For sanctions and pandemic-hit Iran, it will offer important leeway to
economically survive at a difficult juncture, when Iran’s military and
nuclear sites are targeted for destruction, likely by a concerted
effort involving Israel and some Arab Gulf states.

According to a Tehran-based political scientist who wishes to remain
anonymous, “the purpose of these attacks on Iran might be related to
the perception that the Trump administration is willing to strike a
deal with Iran in the next few months prior to the November
elections.”

In turn, this raises questions about Trump’s real Iran strategy,
notwithstanding the major recent setback for the US at the UN Security
Council, which flatly rejected a draft US resolution on Iran calling
for an indefinite arms embargo.

Moreover, a UN expert denounced the US drone killing in January of
Iran’s top general Qasem Soleimani and nine other Iranian and Iraqi
officials as ” unlawful and arbitrary under international law.”

According to the UN report, the drone attack violated Iraq’s
sovereignty and in turn has “institutionalized” Iranian hostility
toward the US, making it nearly impossible for any Iranian official to
engage in direct diplomacy with the Trump administration. That’s
particularly true since Iran’s new parliament led by hardliners
commenced its work.

President Hassan Rouhani’s moderate government is about to enter a
lame-duck period prior to the presidential elections in 2021, making
it less and less capable of any major foreign policy initiatives.

Some analysts in Iran contend that there is still a narrow window of
opportunity for a new Tehran-Washington deal, prompted partly as a
reaction to the amentioned Tehran-Beijing agreement.

Given Iran’s post-revolutionary position of “superpower equidistance,”
the agreement with China reflects a “new look East” approach by Tehran
while under Washington’s pressure. At the same time, it serves the
opposite logic of a “new look West” for the sake of navigating the
treacherous currents of a new cold war in favor of equilibrium.

That assumes, of course, that Washington is willing to ease its
persistent sanctions and threats. That remains to be seen.
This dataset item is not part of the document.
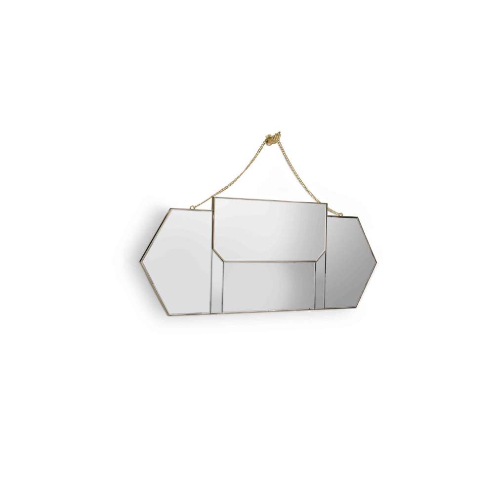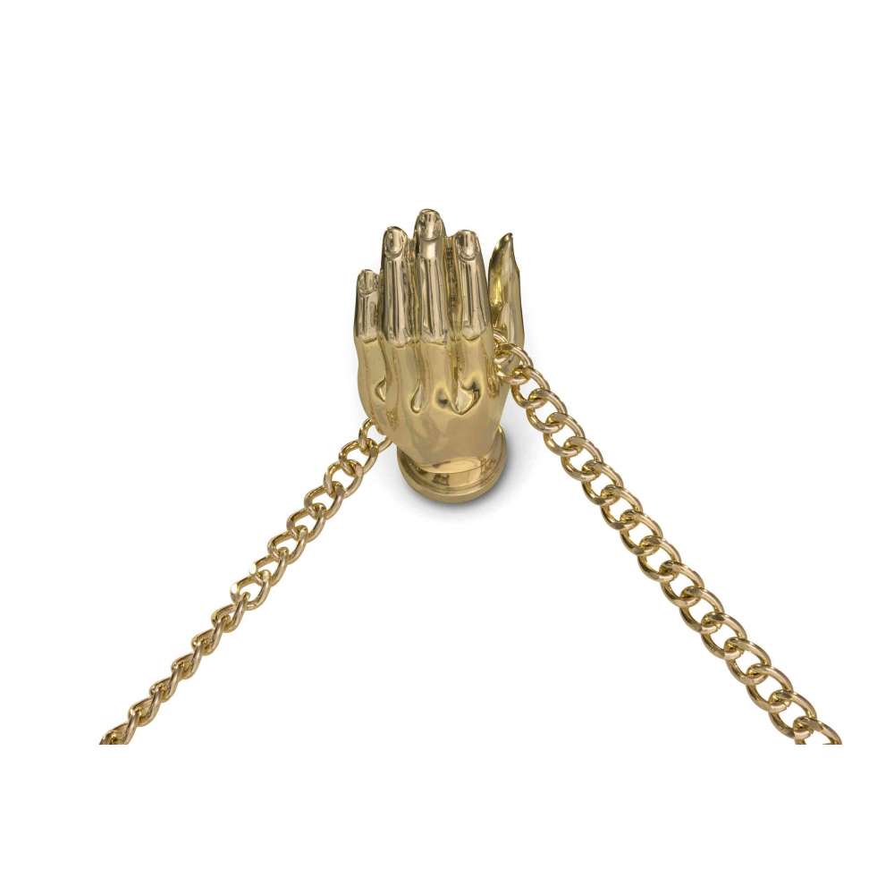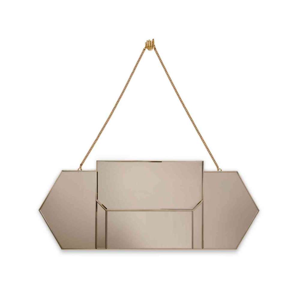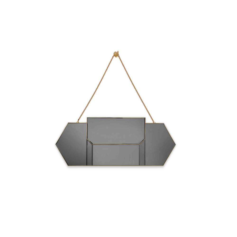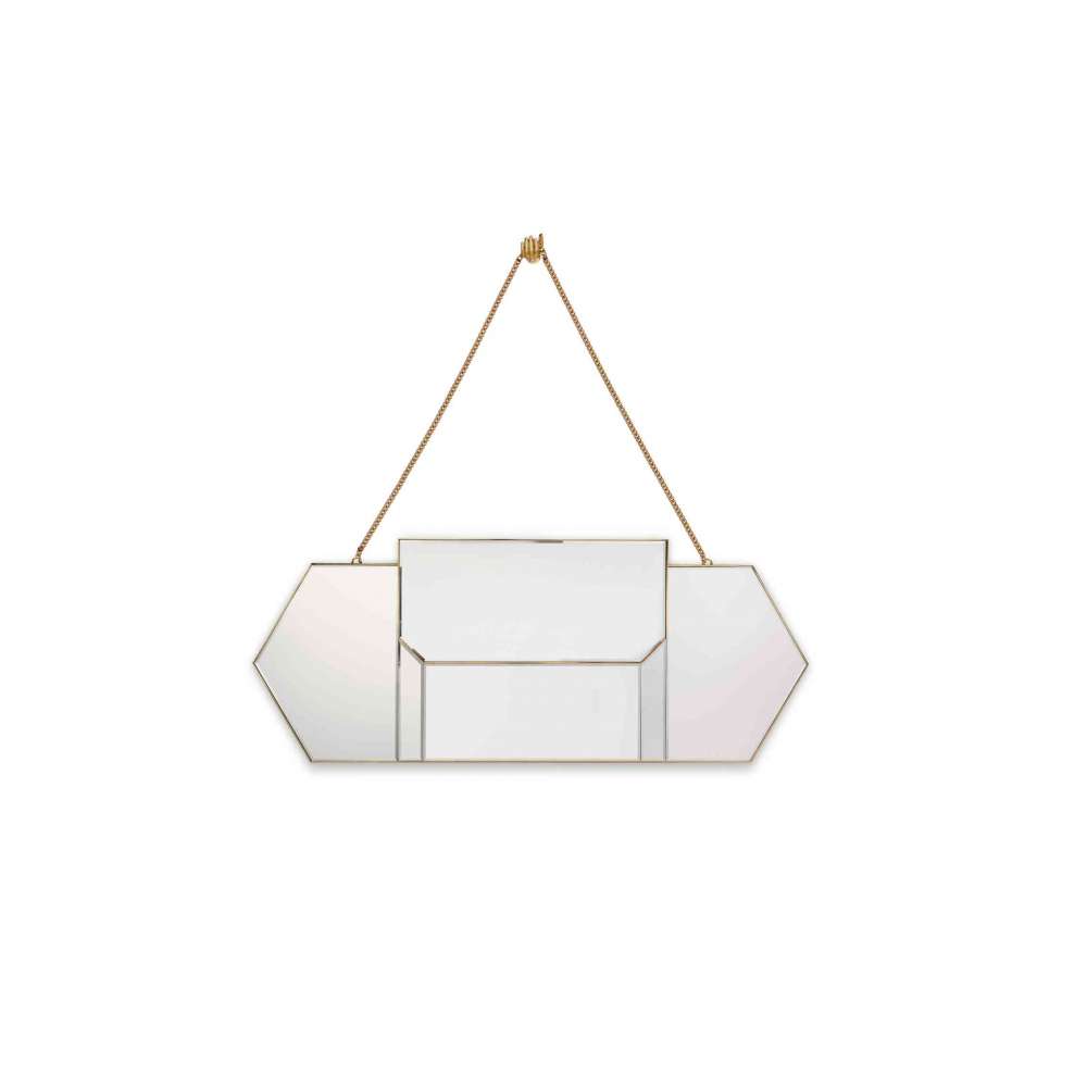 Prosty styl tego lustra łączy w sobie symetrię Art Deco z dotykiem delikatnej, odlewanej mosiężnej dłoni trzymającej w dłoni łańcuszek.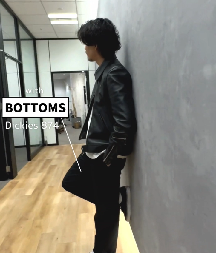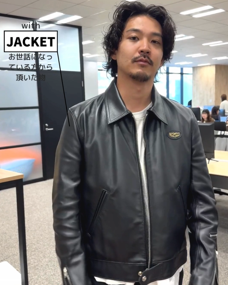カジュアルなコーデにアクセントとして革ジャンをプラス!

Meanwhile,
the recent spate of suspicious fires and sabotage at the Natanz
nuclear facility and Parchin military complex will embolden Iran’s
hardliners, who see no ground for optimism of a possible US policy
shift.

They see China’s steadfast defense of Iran at the UN Security Council
as a testament to Beijing’s reliability. Iranian hardliners are also
cognizant of their country’s ability to serve China’s BRI, not only
for the 80 million-strong Iranian market but the larger Eurasian
landmass encompassing some 4.6 billion people.